I really like functional programming concepts, but I've been bitten on two separate occasions now by the same gotcha, when mapping across a collection which happens to be a Set
(i.e. automatically removes duplicates). The issue is that after transforming the elements of such a set, the output container is also a set, and so removes any duplicates of the tranformed output.
A very brief REPL session to illustrate the issue:
scala> case class Person(name: String, age: Int)
defined class Person
scala> val students = Set(Person("Alice", 18), Person("Bob", 18), Person("Charles", 19))
students: scala.collection.immutable.Set[Person] = Set(Person(Alice,18), Person(Bob,18), Person(Charles,19))
scala> val totalAge = (students map (_.age)).sum
totalAge: Int = 37
I would of course expect the total age to be 18 + 18 + 19 = 55, but because the students were stored in a Set
, so were their ages after the mapping, hence one of the 18
s disappeared before the ages were summed.
In real code this is often more insidious and harder to spot, especially if you write utility code which simply takes a Traversable
and/or use the output of methods which are declared to return a Traversable
(the implementation of which happens to be a Set). It seems to me that these situations are almost impossible to spot reliably, until/unless they manifest as a bug.
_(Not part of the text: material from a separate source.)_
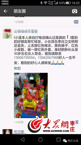 朋友圈轉(zhuǎn)發(fā)的“棗莊立交橋女童丟失”的信息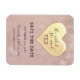 Modern kalligrafi-manus, enkel, inbjudande magnet ro guld bröllop spara datum, med romantiskt citat och söt faux foil-hjärta från guld, symbol för starkt, ändlöst kärlek, värme, rikedom och tro.

So, are there any best practices which will reduce my exposure to this issue? Am I wrong to think about map
-ping over a general Traversable as conceptually transforming each element in place, as opposed to adding the transformed elements in turn into some new collection? Should I call .toStream
on everything before mapping, if I want to keep this mental model?
Any tips/recommendations would be greatly appreciated.
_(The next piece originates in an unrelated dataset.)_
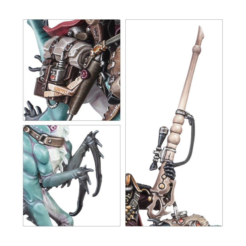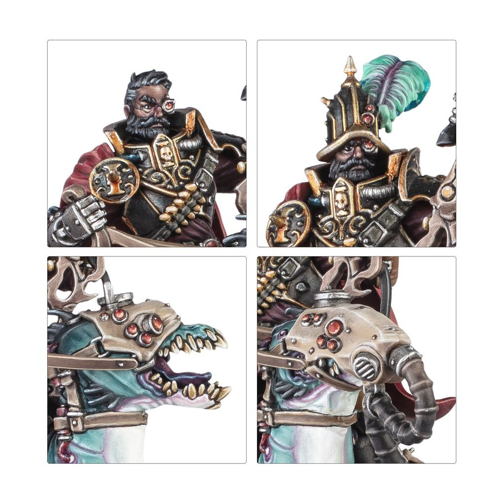 Le kit contient deux têtes pour Kroyle (une casquée et une nue) et deux têtes pour sa monture (une vêtue de sa cagoule de soumission, et l'autre avec les mâchoires libres d'attaquer).

Update: Most of the answers so far have focused on the mechanics of including the duplicates in the sum. I'm more interested in the practices involved when writing code in the general case - have you drilled yourself to always call toList
on every collection before calling map
? Do you fastidiously check the concrete classes of all the collections in your app before calling methods on them? Etc.
Fixing up something that's already been identified as a problem is trivial - the hard part is preventing these errors from creeping in in the first place.